The regal and delicious walnut is such a perfect way to add extra nutrition, flavor and crunch to a meal. Walnuts are highly revered for being a great source of omega-3 essential fatty aids. These fatty acids have been shown to yield numerous health benefits: protecting the heart, improving cognitive function, and reducing inflammatory effects of asthma, eczema, psoriasis, and rheumatoid arthritis. Walnuts contain ellagic acid, an antioxidant compound that provides cancer-fighting and immune system boosting properties.
Adding walnuts to the diet can help to improve cardiovascular health. Walnuts are an important source of monounsaturated fats-approximately 15% of the fat found in walnuts is healthful monounsaturated fat. Walnuts and pecans have the highest antioxidant content of the tree nuts, with walnuts delivers more than 20 mmol antioxidants per 3 ounces (100 grams).
Walnuts are unique among nuts because the fat in walnuts is primarily heart-healthy polyunsaturated, the source of important omega-3 fatty acids. Studies indicate that omega-3s lower cholesterol and protect against heart disease and stroke.
Selecting & Storing
When purchasing whole, unshelled walnuts, choose those that feel heavy for their size.
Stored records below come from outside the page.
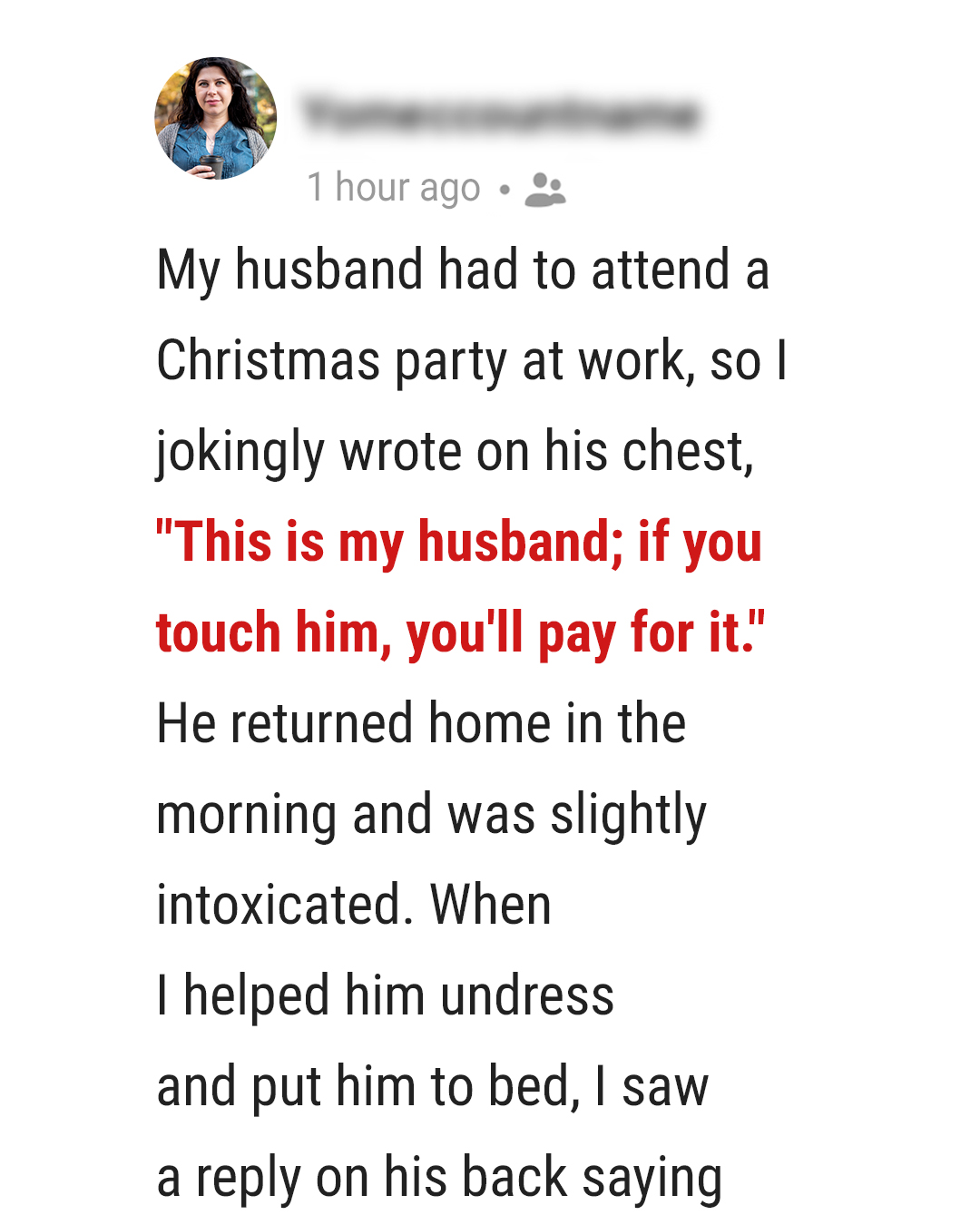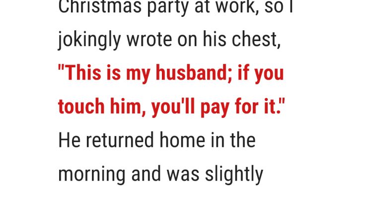 It was the kind of cold, crisp December night that always made me feel hopeful. Christmas lights twinkled outside our window, reflecting in the warm glow of our living room. My husband was getting ready for his annual work Christmas party, and I was in one of those ridiculously playful moods. He was grumbling good-naturedly about having to go, insisting he’d rather stay home with me, but I knew he secretly enjoyed the free food and the chance to see his colleagues outside of spreadsheets. As he buttoned his shirt, I grabbed a permanent marker from the kitchen drawer. A little joke, just between us, I thought, a giggle bubbling up. He raised an eyebrow, a knowing smile playing on his lips, as I pulled his shirt aside. With a flourish, I wrote carefully across his chest, just above his heart: “This is my husband; if you touch him, you’ll pay for it.” He laughed, a deep, rumbling sound that always melted my insides. He kissed my forehead, ruffled my hair, and promised he’d be home as soon as he decently could. My sweet, loyal man.
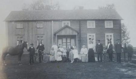 Personer från vänster: Arvid Frantz (senare Fors i Maxmo), Albert Frantz (till Amerika), Anna Frantz (Storbacka), Ester Frantz, Ellen Frantz (Andersson i Amerika), Josefina Franz (Karls hustru) med dottern Fanny Frantz (Strand till Amerika) i knäet, Teodor Frantz (senare Forsell), Johannes (till Amerika), Sigrid Häggström, Anna-Maria Fors, Tilda Häggström (Sigrids mor och Josefinas syster, hennes man for till Amerika och dog där), Anders Fors (f.d. arrendator på Tottesund), Alfred Frantz (Karls brorson, skomakare), Karl Frantz (arrendator på Smeds boställe).
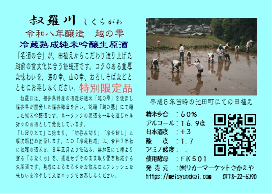 「名酒の会」が田植えからこだわり造り上げた越前の食文化に合う伝統酒です。

Their shells should not be cracked, pierced or stained, as this is often a sign of mold development on the nutmeat.
Due to their high polyunsaturated fat content, walnuts are very perishable and care should be taken when storing them. Shelled walnuts should be stored in an airtight container and placed in the refrigerator, where they will keep for six months. I the freezer they will last for one year. Unshelled walnuts should preferably be stored in the refrigerator, although as long as you keep them in a cool, dry, dark place they will stay fresh for up to six months.
This is your Nutology is a nutshell! In future if you would like to refer to any of these you will find each type of nut categorized under "The Know Hows of Food" on the right sidebar. I hope you find it helpful for your baking, cooking or simply snacking satisfaction.
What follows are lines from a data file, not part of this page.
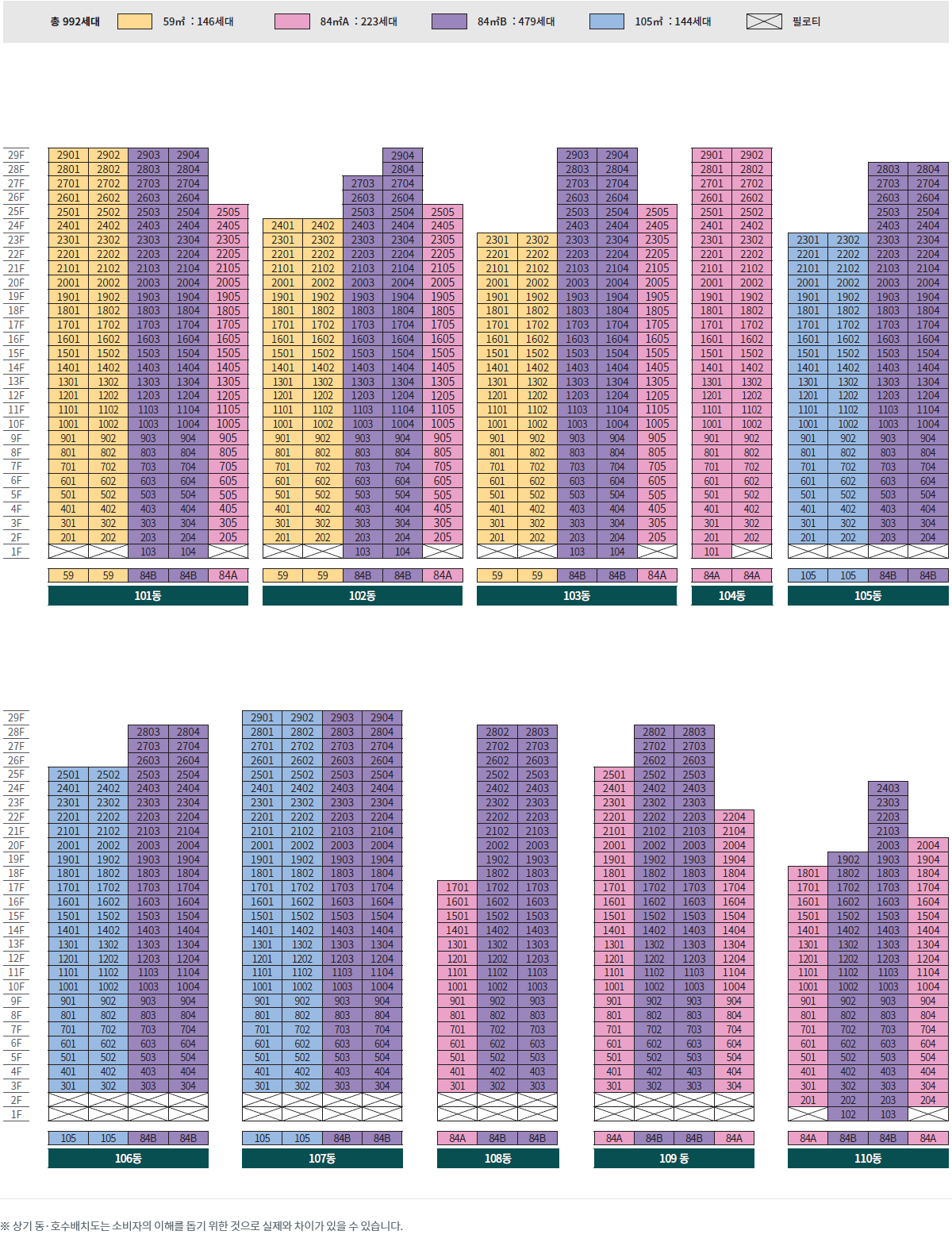 대상지는 광양시 용강리 산1-1번지 일원으로, 건폐율을 낮추고 동 간 이격을 넉넉히 확보한 점이 인상적입니다. 총 9개 동, 지하 주차를 기본으로 한 992세대 규모의 브랜드 대단지로 계획되어 스케일에서 오는 안정감이 확실합니다. 남향·정남향 위주의 배치와 최장 약 88m까지 벌린 동 간 거리 덕분에 사생활 보호와 통경축이 동시에 확보되도록 설계했습니다. 이 기본기만으로도 광양 푸르지오 센터파크가 가진 체감 쾌적성은 분명합니다.
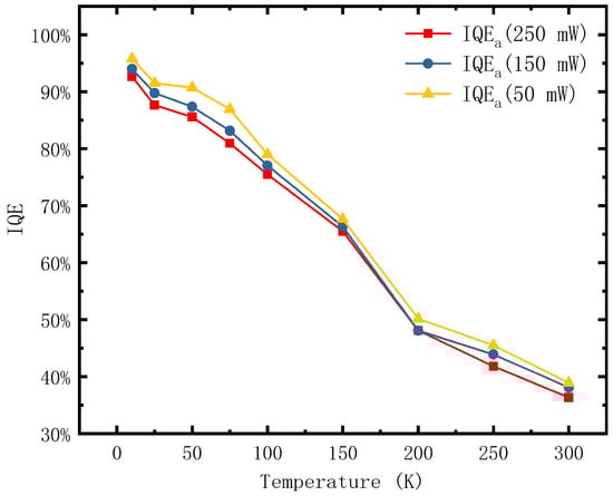 which should be close to IQE values at RT measured by PDPL experiment to make sure PDPL results are trustworthy. For instance, equals 92.68% and the proportion of IQE values at LT and RT we acquired by TDPL experiment equals 39.26%. So, the more accurate IQE value at RT can be calculated as . The modified results, which are in line with PDPL results at RT, are shown in Figure 6. It is reasonable to believe that the IQE values obtained are relatively more accurate.
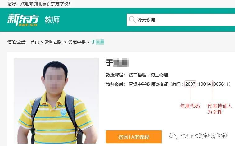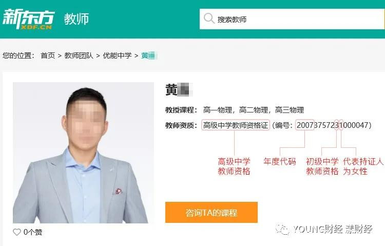 登錄新東方官網,在優能中學宣傳板塊中,YOUNG財經在教師團隊一欄搜到了王女士口中的這位金簰教師。發現這位收費頗高的新東方金簰教師,連教師資格證都是假的。
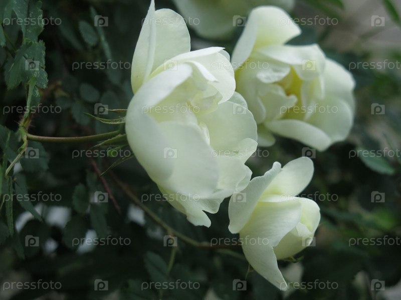 Белые цветки душистого шиповника на кусте
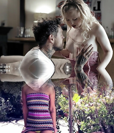 Nice blonde enjoys forbidden sex with one kinky inked man
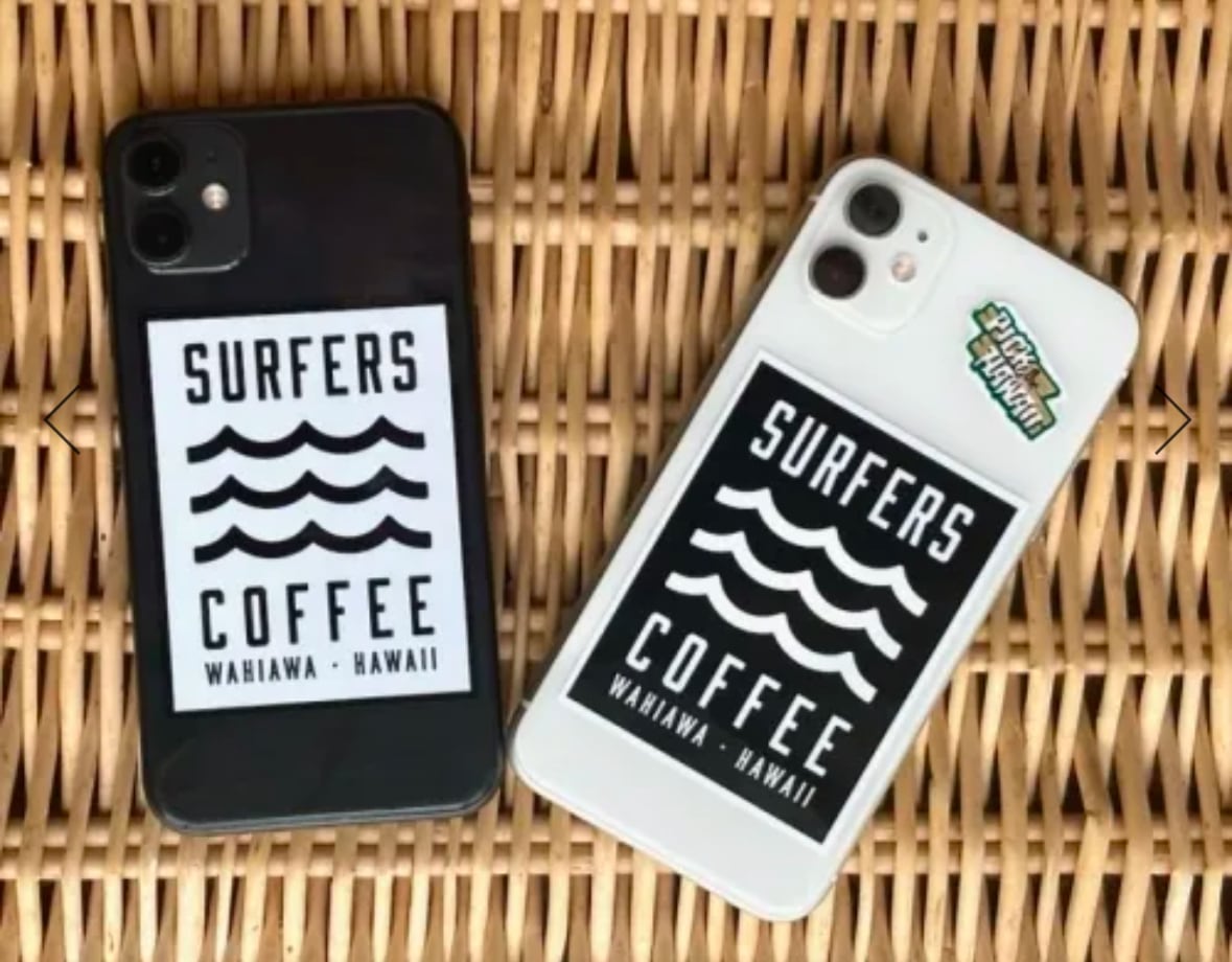 人気のサーファーズコーヒーよりイメージカラーのブラックとホワイトの2色のロゴステッカーが発売されました。
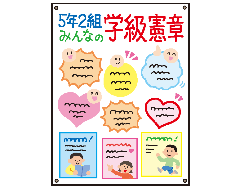 できあがった「学級目標」をポスターにして教室のみんなから見える場所に掲示しましょう。自分たちでデザインも考えてみましょう。また、「学級目標」を定期的にふりかえり、守られていないことはないか、足りないことはないかなど、よりよい学級をつくっていくために話し合いを続けていきましょう。
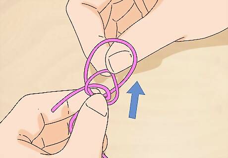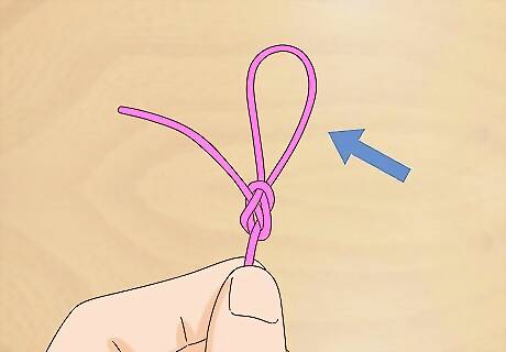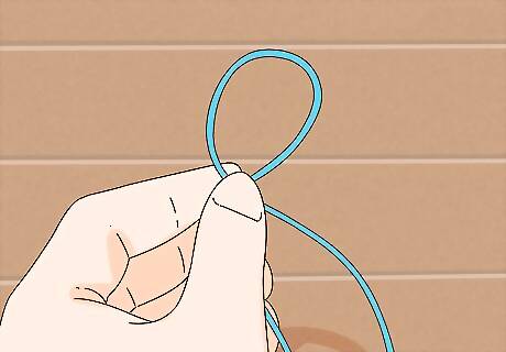 Pinch the junction where the working end and standing part meet. Use the thumb and forefinger on your left hand to pinch the junction where the two parts meet. The tag end should be sticking out underneath the standing part. You should have enough material left on your working end to repeat this process. If you don’t, start over. You have to make a near-identical loop after making your first one and you don’t want to run out of space.

Looking for nutty recipes on WFLH:
Pecans: Chocolate Pecan Brownies
Walnuts: Carrot Coconut Walnut Apple Muffin
Hazelnuts: Rich Creamy Hazelnut Truffles
Pistachios: Apricot Pistachio Ice Cream
Almonds: Grilled Peach with Greek Honey Yogurt and Almonds
Cashews: Indian Carrot Halwa
Pecans/Walnuts: Sticky Nutty Cinnamon Buns
I'd like to thank Hilda of Saffron & Blueberry for her sweet and fantastic package. Hilda these are your pecans LOL!
After reading this post Hilda wrote to me and generously offered to send me some Pecans! I was thrilled - being a Daring Baker I guess Hilda knows how someone might feel a great emptiness when a certain product or item is not readily available! Thanks sweetie!